§ **DATA EXCERPT**:
──────────
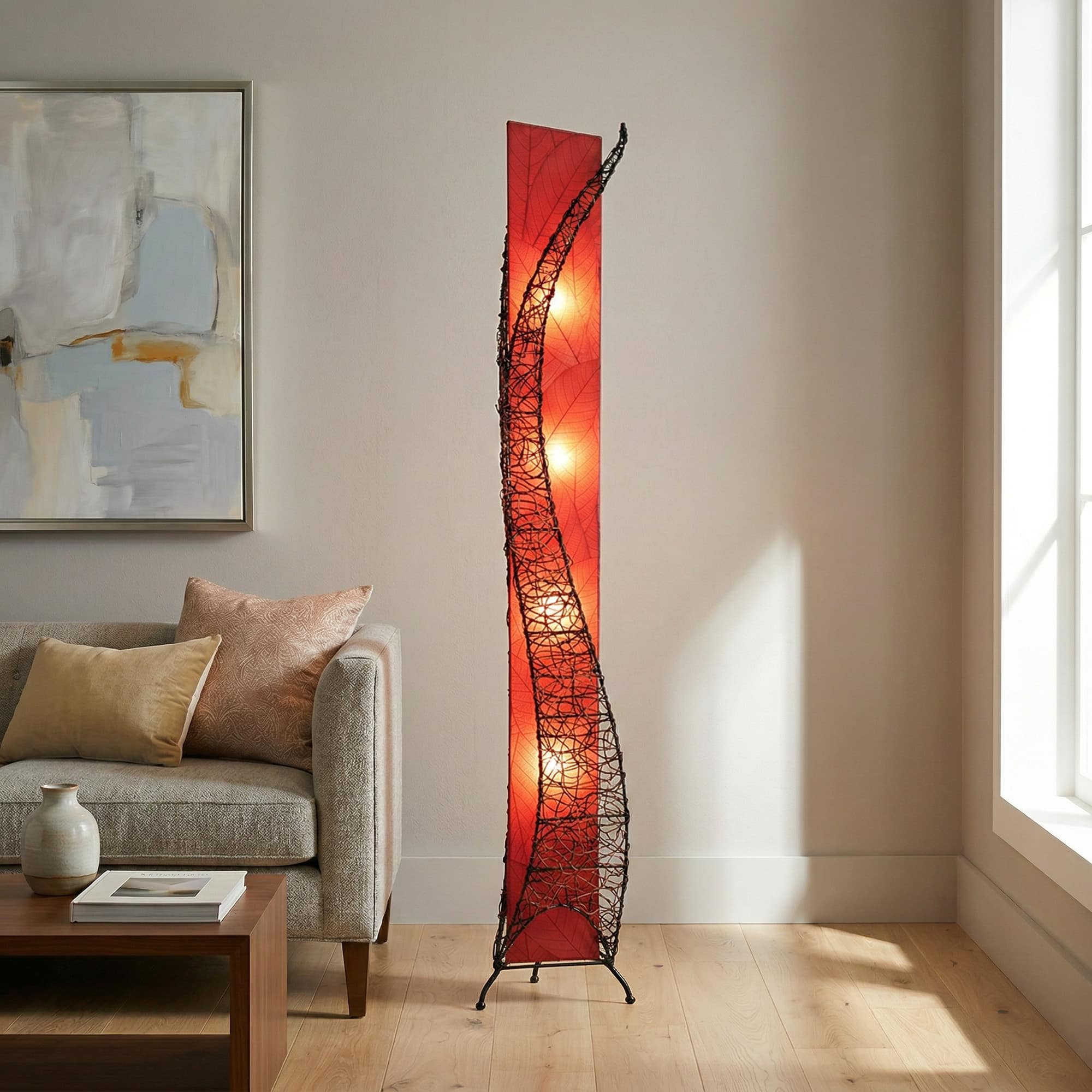 The Wings Giant Floor Lamp is designed to make an immediate impression. It shifts the mood of a room the moment it’s placed, bringing movement, light, and intention into the space. The sculptural frame is wrapped in a flowing lattice of nito vine, layered over real fossilized cocoa leaves that catch and soften the light in a way that feels alive rather than decorative.
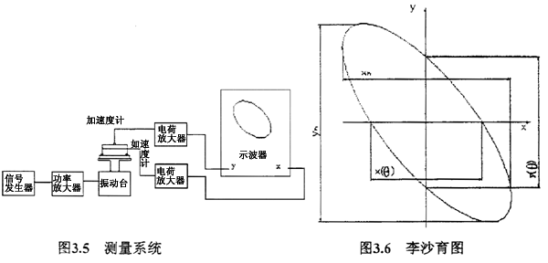 當被測的阻尼較大時,幅頻性曲線和峰值變得不明顯或甚至不出現,這時可用李沙育圖法。該法的測量系統3.5所示
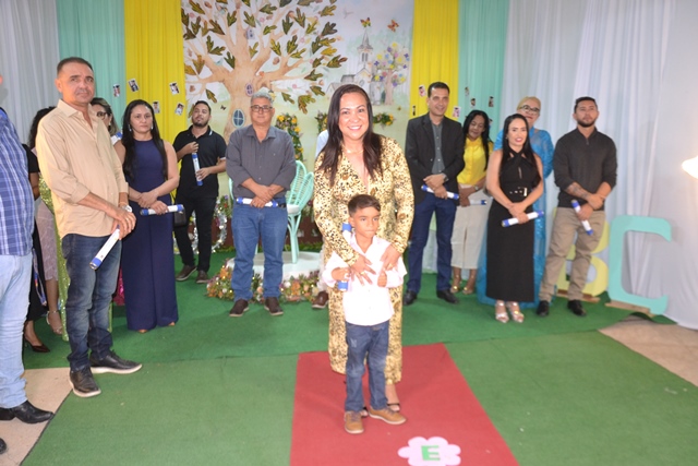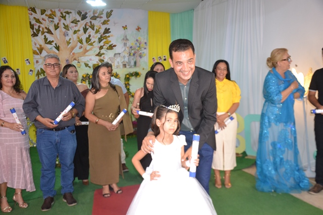 A programação seguiu com os pronunciamentos das autoridades, que destacaram a importância da educação na formação cidadã e o compromisso do município com o fortalecimento do ensino. Um dos momentos mais simbólicos da noite foi a colocação do anel de formatura, representando o cuidado, o amor e o compromisso com o saber que começa a florescer na vida das crianças.
──────────
Reproduce only the lines from the first line of the listing above up to and including the line that holds "當被測的阻尼較大時,幅頻性曲". Omit the pictures.

§ **WRITTEN SOLUTION**:
 The Wings Giant Floor Lamp is designed to make an immediate impression. It shifts the mood of a room the moment it’s placed, bringing movement, light, and intention into the space. The sculptural frame is wrapped in a flowing lattice of nito vine, layered over real fossilized cocoa leaves that catch and soften the light in a way that feels alive rather than decorative.
 當被測的阻尼較大時,幅頻性曲線和峰值變得不明顯或甚至不出現,這時可用李沙育圖法。該法的測量系統3.5所示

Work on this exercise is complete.